### YOUR GOAL
Exactly the lines starting at the line containing "湖州市人民政府办公室关于湖州" and ending at the line containing "Набор маркеров перм" are to be written out from the listing below, both included.

### GIVEN RECORDS

::::::::

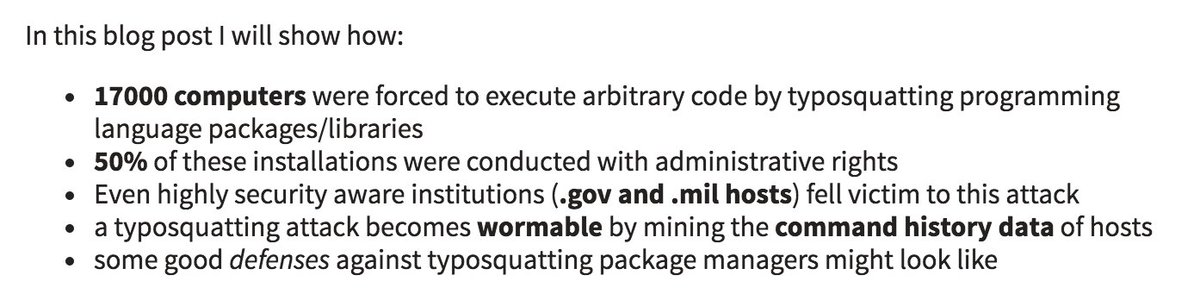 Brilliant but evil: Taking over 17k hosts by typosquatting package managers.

::::::::

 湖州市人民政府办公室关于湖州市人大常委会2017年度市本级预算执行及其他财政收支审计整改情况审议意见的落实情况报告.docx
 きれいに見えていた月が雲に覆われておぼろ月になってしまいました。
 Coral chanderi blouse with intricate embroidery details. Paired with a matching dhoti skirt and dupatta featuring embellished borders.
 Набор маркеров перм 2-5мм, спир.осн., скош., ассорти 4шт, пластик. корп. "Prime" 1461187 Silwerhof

::::::::

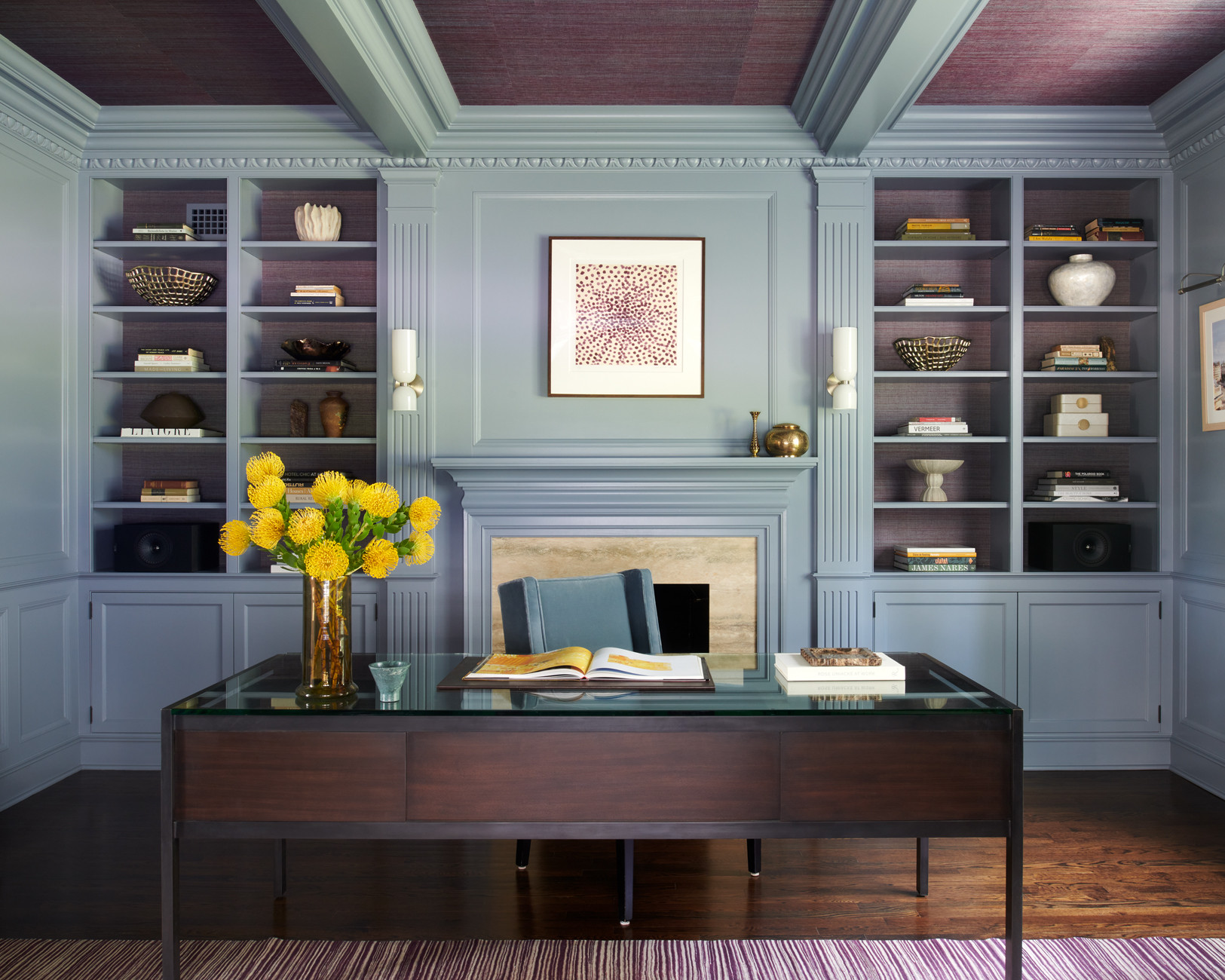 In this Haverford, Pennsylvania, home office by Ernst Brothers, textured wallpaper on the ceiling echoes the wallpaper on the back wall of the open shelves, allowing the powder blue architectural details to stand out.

::::::::

### RESPONSE
 湖州市人民政府办公室关于湖州市人大常委会2017年度市本级预算执行及其他财政收支审计整改情况审议意见的落实情况报告.docx
 きれいに見えていた月が雲に覆われておぼろ月になってしまいました。
 Coral chanderi blouse with intricate embroidery details. Paired with a matching dhoti skirt and dupatta featuring embellished borders.
 Набор маркеров перм 2-5мм, спир.осн., скош., ассорти 4шт, пластик. корп. "Prime" 1461187 Silwerhof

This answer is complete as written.